WHAT IS REQUIRED: Set down only these lines, exactly: the line containing "Its dense, frosty" and all lines through the end of the data below. Omit pictures.

DATA EXTRACTS:
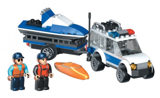 The Mega Bloks Blok Squad Beach Patrol Set is due to be released in 2011 and will feature a Police Cruiser SUV, a Police Personal Water Craft or Jetski and a Police Canoe, along with a 2 Police Officer minifigures. This set will contain 183 pieces.
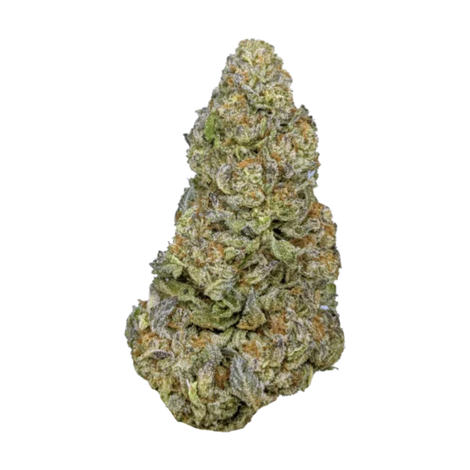 Its dense, frosty buds showcase deep greens and purples with a thick coating of trichomes, reflecting its premium quality and high potency.
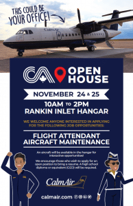 Calm Air will be hosting an open house at the Rankin Inlet hangar on two dates, November 24 and 25 from 10 AM to 2 PM and then on December 7 and 8 from 10 AM to 2 PM. Come find out and learn more about the positions that calm air is recruiting for.
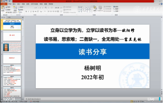 为了丰富yl6809永利官网师生的疫情期间生活,提高思想水平和科研动力,坚定抗击疫情的信心,1月7日晚,yl6809永利官网以线上直播的方式在西安交通大学思源直播平台开展了yl6809永利官网力行读书分享会。本次分享上yl6809永利官网院长陈雪峰教授、机械制造系统工程国家重点实验室主任李涤尘教授、国际机械中心主任严如强教授、副院长杨树明教授和党委书记王朝晖教授依次进行了读书分享,yl6809永利官网的本科生以及研究生共3800余人次在线上观看直播学习,党委副书记张敏主持本次分享会。
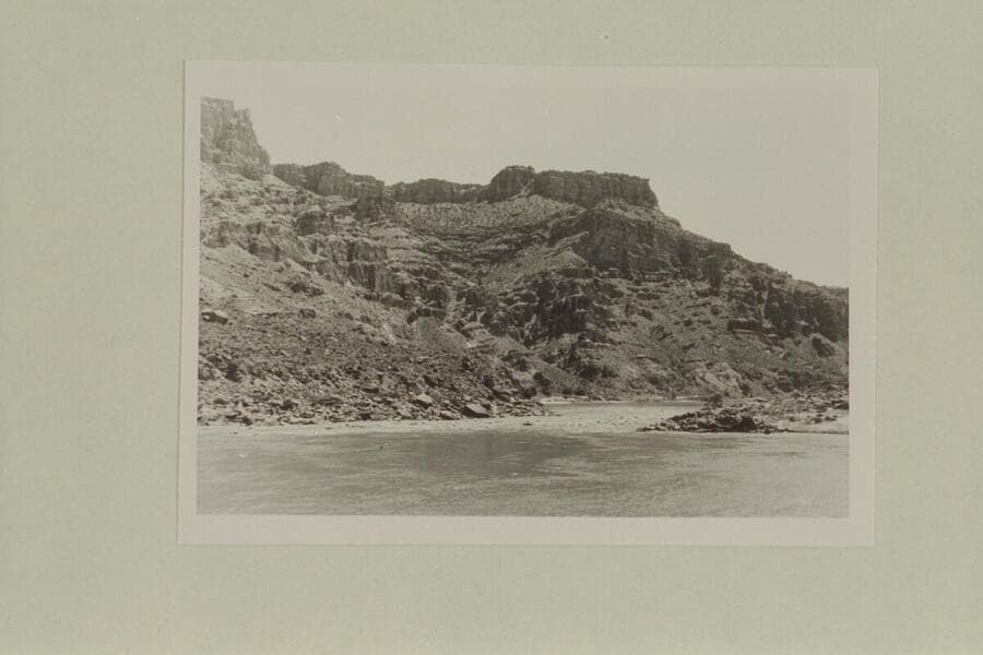 Across Rapid No. 1 in Cataract Canyon. Across to right bank and slightly upstream. Approx. gauge: 25,000 cfs

RESPONSE AREA:
 Its dense, frosty buds showcase deep greens and purples with a thick coating of trichomes, reflecting its premium quality and high potency.
 Calm Air will be hosting an open house at the Rankin Inlet hangar on two dates, November 24 and 25 from 10 AM to 2 PM and then on December 7 and 8 from 10 AM to 2 PM. Come find out and learn more about the positions that calm air is recruiting for.
 为了丰富yl6809永利官网师生的疫情期间生活,提高思想水平和科研动力,坚定抗击疫情的信心,1月7日晚,yl6809永利官网以线上直播的方式在西安交通大学思源直播平台开展了yl6809永利官网力行读书分享会。本次分享上yl6809永利官网院长陈雪峰教授、机械制造系统工程国家重点实验室主任李涤尘教授、国际机械中心主任严如强教授、副院长杨树明教授和党委书记王朝晖教授依次进行了读书分享,yl6809永利官网的本科生以及研究生共3800余人次在线上观看直播学习,党委副书记张敏主持本次分享会。
 Across Rapid No. 1 in Cataract Canyon. Across to right bank and slightly upstream. Approx. gauge: 25,000 cfs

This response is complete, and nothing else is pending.